What’s it like being stuffed up a rooster’s arse?

Half Cock looks to a Tuscan witch for inspiration.

As I’ve hinted on a couple of occasions, I and Ms Scissorhands are putting together an English-language, participative, educational, children’s show featuring a 9-ft bisected cockerel, a generously-breasted pink princess and a Issey Miyake-themed street organ (OK, I still have to build it), currently with bookings for half a dozen schools in and around Barcelona this autumn, and looking for more in NE Spain and SW France.

The basic storyline is that of “Demi-coq”/”Medio pollito”/”Half cock”/etc, an ancient Mediterranean/Black Sea castration allegory in which the eponymous protagonist stuffs a wolf, a river and a mountain (or whatever) up his arse, as one does, en route to recovering the rest of him.

There are obvious poetic if not always demonstrably historical ties with dozens of other tales, from Abelard and Heloise to the Wizard of Oz via characters like Pietro Barliario, the Salerno alchemist.
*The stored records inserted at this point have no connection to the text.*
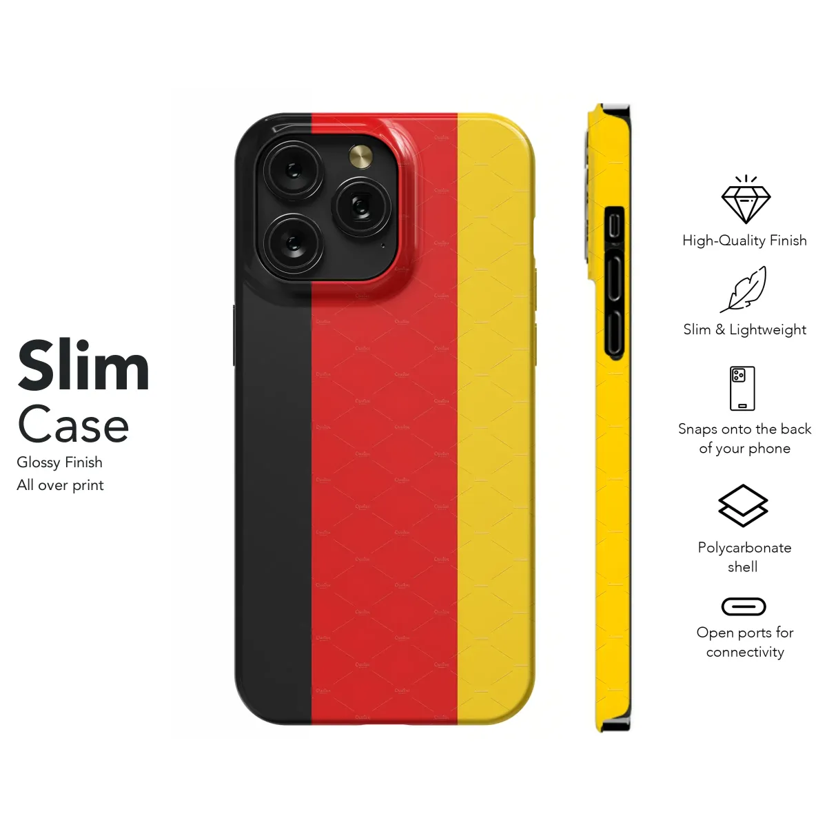 Show your national pride with this vibrant and stylish design, perfect for adding a touch of patriotism to your everyday life. This bold graphic features the classic colors of black, red, and gold, arranged in a striking vertical tricolor. The design is crisp and clean, ensuring your accessory makes a statement without being overwhelming. High-quality printing guarantees long-lasting vibrancy and protection against scratches and fading. This unique accessory is an ideal gift for yourself or any proud citizen, making it a thoughtful and memorable present for birthdays, holidays, or any special occasion. The simple yet impactful design is versatile, working seamlessly with various styles and personalities. Express yourself confidently with this eye-catching, durable, and proudly patriotic design that will turn heads wherever you go. Get yours today and celebrate your heritage in style! #patriotic #flag #nationalpride #tricolor #blackredgold #gift #accessories #stylish #durable #highquality #design
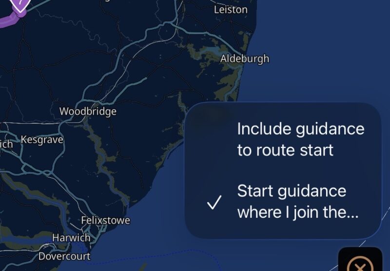 On the second screenshot shot, if I select this can I join anywhere along the route and the app will guide me from there?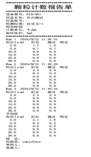 5.設定參數:粒徑范圍10μm、25μm,檢測體積5ml/次,重復檢測3次。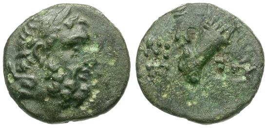 Attribution: HGC 7, 257 Date: 85-65 BC Obverse: Head of Herakles right Reverse: AMI-ΣOY, club and quiver; monogram in lower left field Size: 12.16mm Weight: 1.26 grams Rarity: 5 Description: XF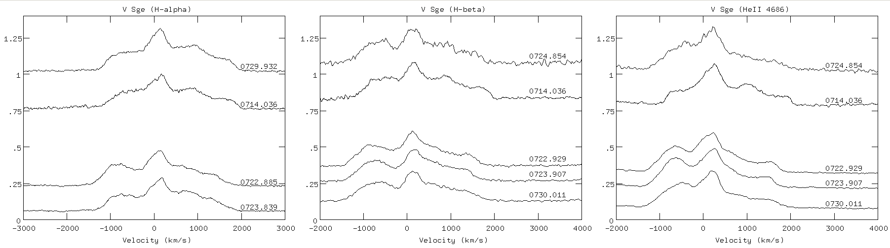 Continuum supposed to be at 1, but scaled to 0.05 for H-alpha, 0.12 for H-beta and 0.07 for HeII 4686 on the above graphs (and continuum is added to the phase in the interval of [0..1]).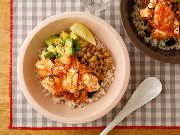 2.「ご飯がススムキムチ」と絹豆腐をボウルに合わせ、レモン汁小さじ2、塩少々、オリーブオイル小さじ1を加え豆腐を少しくずしながらざっと混ぜる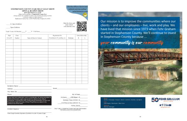 STEPHENSON COUNTY FAIR MEAT GOAT SHOW OPEN & JR OPEN SHOW DEPARTMENT U2 & H7 Make checks payable to Stephenson County Fair Group classes are counted as entries . Use one line per group on form ONLINE Entries or Mail entries to Stephenson County Fair , 2250 S Walnut Rd , Freeport , IL 61032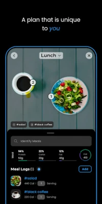 2. Manage your nutrition with personalized meal plans, with the ability to capture and monitor your food intake, and compute your nutritional progress directly within the app.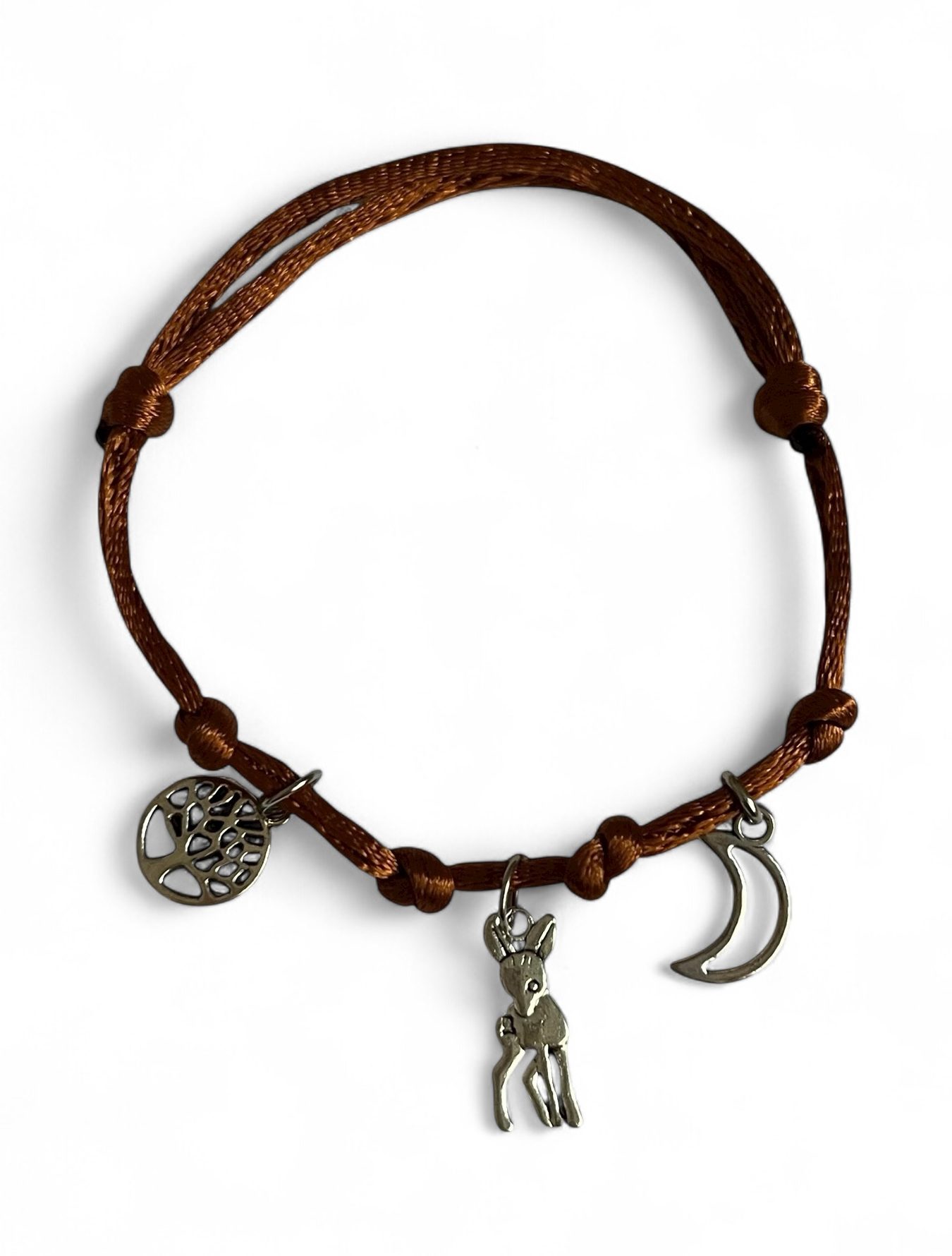 Soutenez les pensionnaires du refuge en portant à votre poignet ce bracelet cordon orné de 3 breloques dont celle symbolisant Princesse pensionnaire du refuge.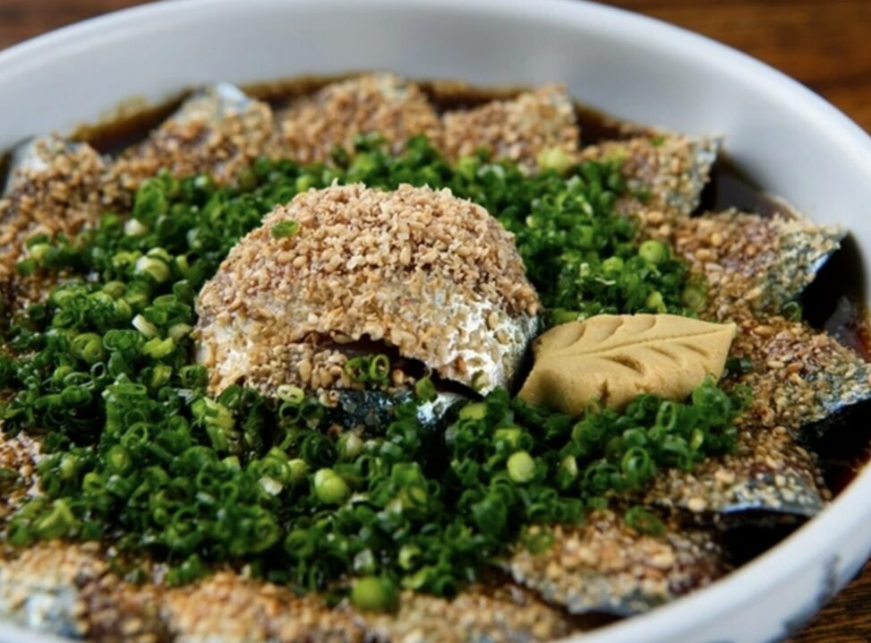 博多グルメといえば外せないのが『ごまさば』。ここでは、獲れたての天然生さばにすりごまをたっぷりまぶし、ネギを散らした逸品が堪能できます。脂がのったプリッとした身と香ばしいごまの風味が絡み合い、博多を訪れたらまず味わいたい名物料理です。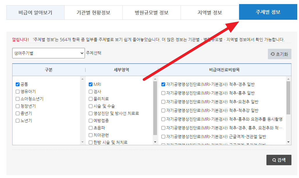 그리고 나오는 메뉴중에서 아래처럼 "비급여 알아보기"를 누릅니다.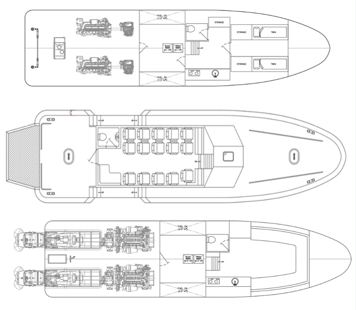 Details shown are of a 16m Pilot Cutter, however these can be built from 14m all the way up to 24m if required. These work well as Pilot, SAR and patrol boats and internal layout can be changed to suit.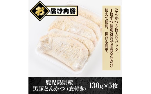 A79016 鹿児島県産 黒豚とんかつ 衣付き (計650g・約130g×5枚) 鹿児島 国産 豚肉 黒豚 トンカツ 豚カツ お肉 揚げ物 加工品 時短 簡単 惣菜 おかず 冷凍【肉のふくおか】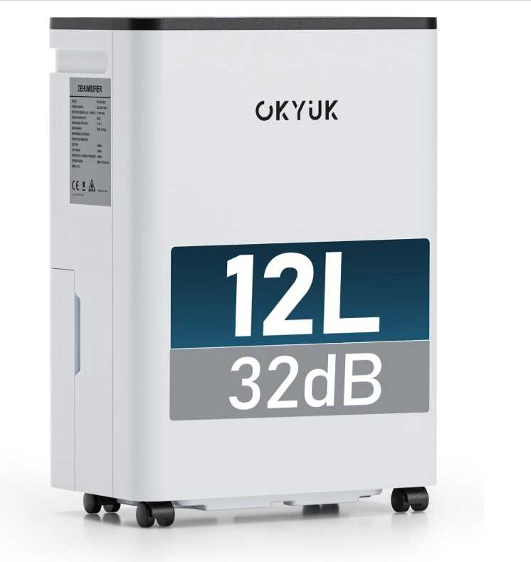 OKYUK elektrischer Luftentfeuchter – 12L mit Digitaler Luftfeuchtigkeitsanzeige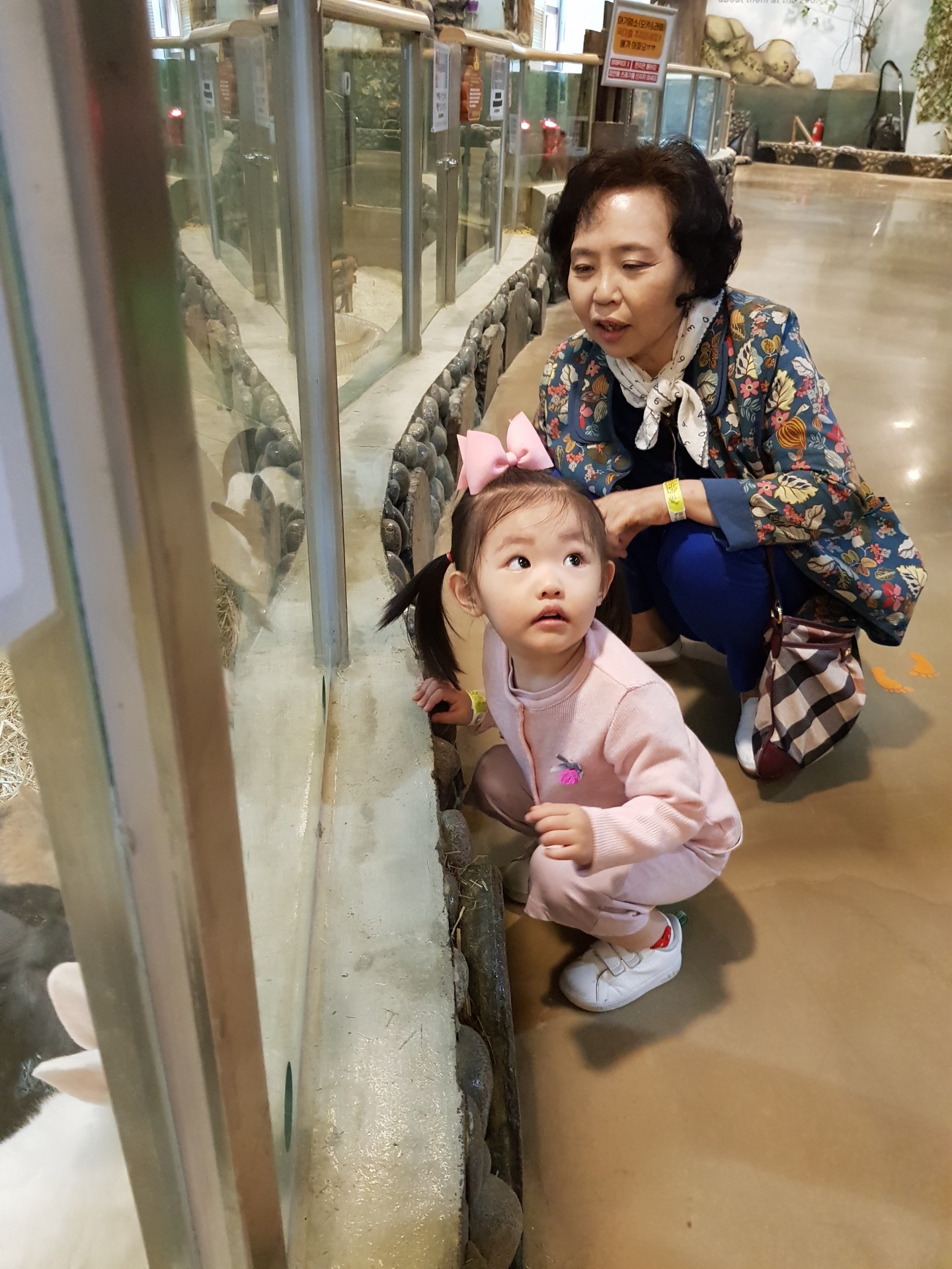 양가 할머니들과 함께 김해에 있는 주주힐즈라는 실내 동물원에 다녀왔습니다.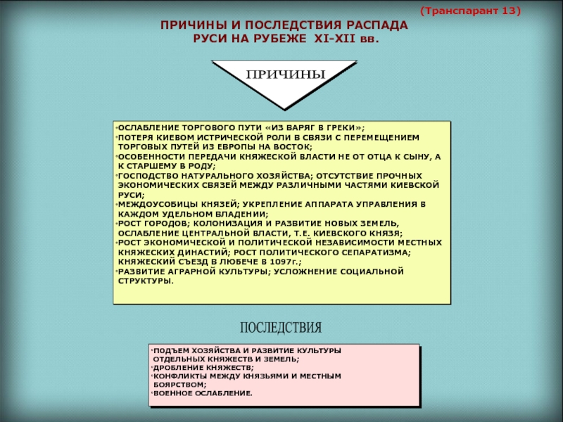 СНИЖЕНИЕ ТЕМПОВ ЭКОНОМИЧЕСКОГО, ПОЛИТИЧЕСКОГО И КУЛЬТУРНОГО РАЗВИТИЯ РУСИ;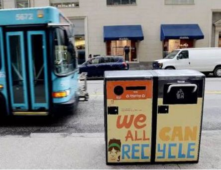 ▼ 美国 布鲁克林街道 BigBelly智能垃圾桶(图片来自于网络)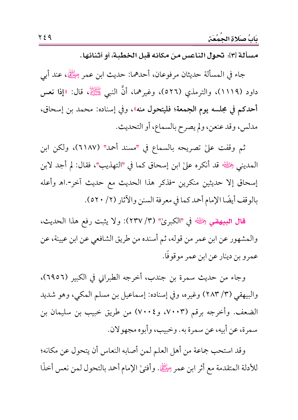 وأقول: الاستحباب حكمٌ شرعي، ولا يثبت إلا بدليل صحيح، ولكن من نعس قبل الخطبة، فأراد التحول لإذهاب النعاس؛ فلا يُنكر عليه، والله أعلم. (¬١)
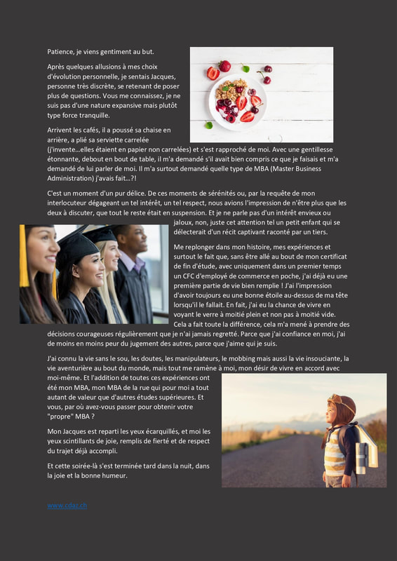 Que faites-vous de ce chemin ? S’il est vécu avec plaisir, curiosité, motivation, amour, etc., ne pourrait-il pas être un objectif en soi, celui de vivre pleinement votre chemin de vie, de renforcer la confiance en soi, l’estime de soi ? Et en cas d’échec, de maladie, d’épuisement, ces vulnérabilités qui jalonnent l’existence, de profiter pour remettre en question l’être que vous êtes et la manière d’aborder ce chemin…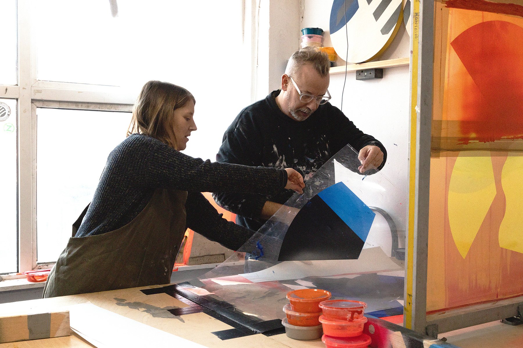 The resulting works celebrate happy accidents that the screen printing process can generate - full of texture and layering. Both Katy and Mark have talked about how the process has changed their own work for the better - whilst they also subconsciously swapped colour palettes!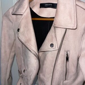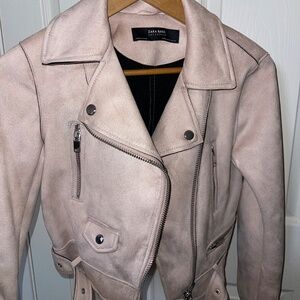 Zara Moto Jacket Faux Suede Light Pink Women Size XS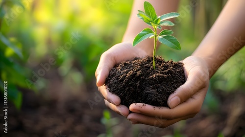 A close-up of a person holding a small plant with soil in their hands, with a blurred background of a thriving community garden, symbolizing sustainable living, eco-conscious choices, and environmenta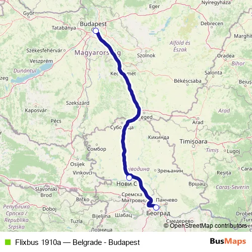 The first stop of the Flixbus 1910a bus route is Belgrade bus station and the last stop is Budapest Népliget bus station. Flixbus 1910a (Belgrade - Budapest) is operational during svakodnevno.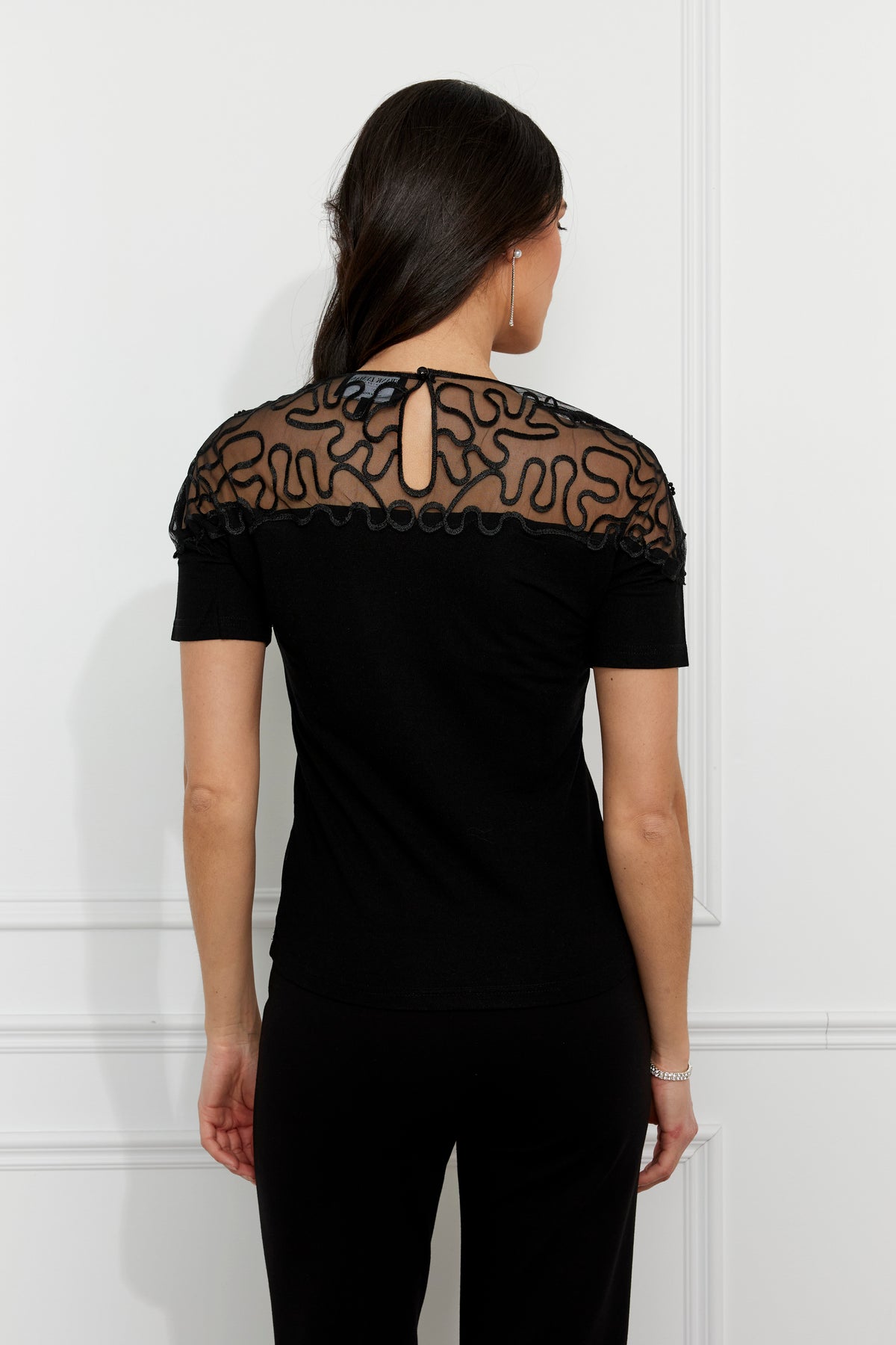 Black Short Sleeve Top with Mesh Beaded Neck and Button Closure at Back of Neck. Fabric: 70% Rayon, 6% Elastane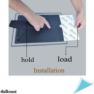 Dimensiuni: Dimensiunea totala a ramei este de aproximativ 26 x 34.7 cm. Dimensiunea interioara a ramei este potrivita pentru A4. Incarcarea prin alunecare este convenabila pentru adaugarea de fotografii.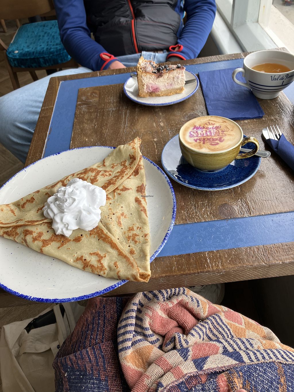 The food was great and quite a few vegan options. We had a savoury crepe with vegan cheese, meats and a variety of veg and a sweet crepe with ice cream and cream, which were both delicious. Has oat and soya milk and a range of vegan cakes and one vegan coissant. Lovely views and good service.

But one aspect which none of them explains very well, if at all, is what it’s like being the wolf, the river and the mountain. And since multi-polarity is manifestly A Good Thing, I’ve been looking around for inspiration

I found some in the story of Gostanza da Libbiano, the 16th century Tuscan witch. Under torture, she blames her crimes on her having been abducted and transported to infernal sabbaths by a devil called Polletto, whose name is cognate with the English “pullet”, although the English has been feminised. More some other time.

However, even at this early stage the wolf, the river and the mountain can relax–I doubt that we’ll put them through the Inquisition. Witch-burning is only fashionable these days at the UN Commission on the Status of Women, but I imagine that Gillian Duffy (who I’m told had 40 minutes with Gordon Brown to Obama’s 20) must also be feeling rather fortunate not to have been singed, let alone found dead in a field.